Search code examples
c++czlib

What could cause invalid distance too far back and how to modify zlib to fix it?


I am trying to decompress a raw stream of data from 3rd party source. The data is compressed with zlib library (version 1.2.13) and transmitted over TCP protocol. I was able to capture both compressed and uncompressed stream of data using WireShark and mix of reverse engineering methods:

Compressed form: 0xCA 0x05 0xDB 0xC8 0xE8 0x07 0x22 0x01 0x00

Uncompressed form: 0x6D 0x4D 0x7D 0x9B 0x7C 0x07 0x01 0x4E 0x7D 0x9B 0x7C 0x07 0x00

    z_stream strm;
    unsigned char in[9] = {0xCA, 0x05, 0xDB, 0xC8, 0xE8, 0x07, 0x22, 0x01, 0x00};
    unsigned char out[65535] = {0};

    strm.zalloc = Z_NULL;
    strm.zfree = Z_NULL;
    strm.opaque = Z_NULL;

    int ret = inflateInit2(&strm, -15);
    if (ret != Z_OK)
        return ret;

    strm.next_in = (unsigned char *) in;
    strm.avail_in = 9;
    strm.next_out = (unsigned char *) out;
    strm.avail_out = 65535;
    strm.total_out = 0;

    ret = inflate(&strm, Z_SYNC_FLUSH);

Initially, the inflate function returned -3 (with message "invalid distance too far back"). I then recompiled zlib with two modifications: added DINFLATE_ALLOW_INVALID_DISTANCE_TOOFAR_ARRR flag and changed sane = 0 in inflateResetKeep function to allow invalid distance.

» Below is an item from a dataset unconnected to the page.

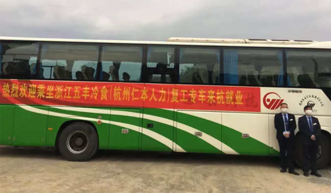 疫情初期,員工返崗復工難,企業招工用工難,杭州仁本通過與企業合作的方式,包車點對點的開通了多趟復工專車。短短時間內我們收集參與杭州政府開設的復工復產專列的報名復工人員信息239條,通過參與五豐食品和玫隆食品等企業的多趟復工專列,接回返杭復工人員超過500多人。

After these modifications, calling inflate function I am getting the following result (in output buffer):

0x6D 0x00 0x00 0x00 0x00 0x00 0x01 0x4E 0x00 0x00 0x00 0x00 0x00

I've tried to debug this deflate stream with infgen tool but it gives me an error saying incomplete deflate stream.

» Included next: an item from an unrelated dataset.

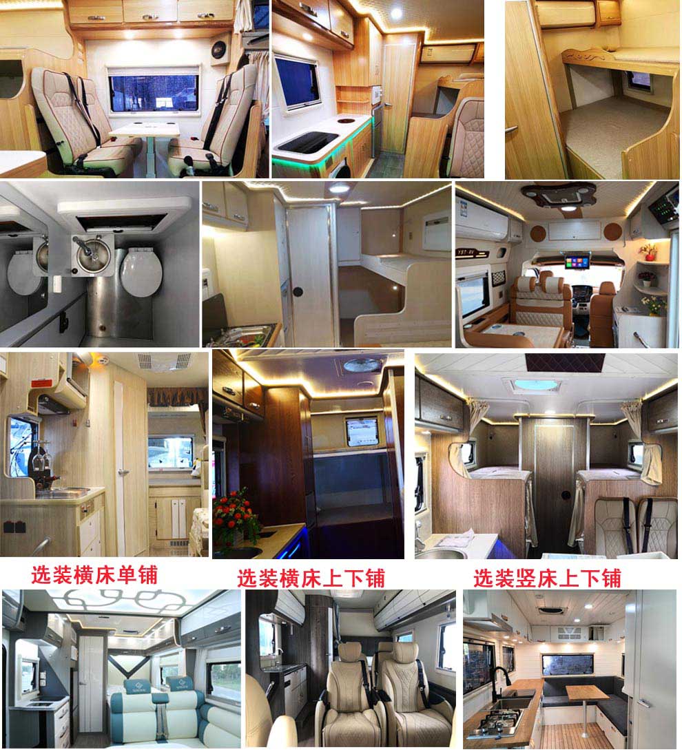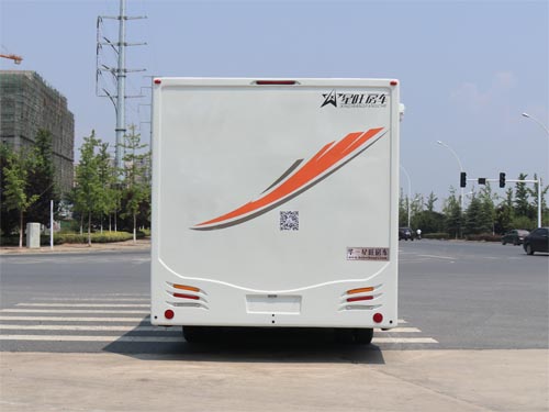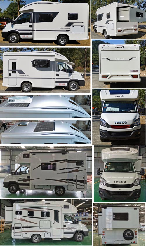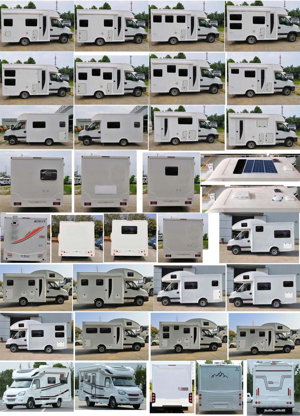 选装2种额头配置,小额头选装天窗,换气扇整车高度3050mm,小额头选装顶置空调整车高度3250mm,选装大额头整车高度3150mm;车厢两侧选装车门样式,散热格栅,舱门,车窗样式,遮阳蓬;车厢后部选装仪器舱门,车窗,自行车架和后爬梯;车顶可选装顶置空调,扶手,换气扇,天窗,太阳能电池板,卫星天线;该车侧防护和后防护为裙边结构,侧防护下边缘离地高度240mm,后防护下边缘离地高度400mm; ABS系统控制器型号:BOSCH ABS9, ABS系统控制器生产企业:BOSCH公司;发动机最大净功率105kW;该车配备有桌椅、炊事设施、床、卫生设施及必要的照明和空气调节等旅居生活设施,用于旅行宿营。 |

There is a chance that the deflate stream comes from modified zlib library (but I am not sure about it). Could anyone point me in right direction, please?


Solution

  • Your data is a fragment of a deflate stream. Those bits disassembled are:

    ! infgen 3.0 output
    !
    fixed
    literal 'm
    match 5 114
    infgen warning: distance too far back (114/1)
    literal 1 'N
    match 4 6
    end
    !
    stored
    infgen warning: incomplete deflate data
    

    It needs five bytes from 113 bytes before the start of this data, which would be part of an earlier portion of the deflate stream. Later, four of those five bytes that you don't have get repeated again.

    It is not possible to get the data you are expecting just from that fragment of a deflate stream. The 0x4D 0x7D 0x9B 0x7C 0x07 you are expecting has to come from somewhere else.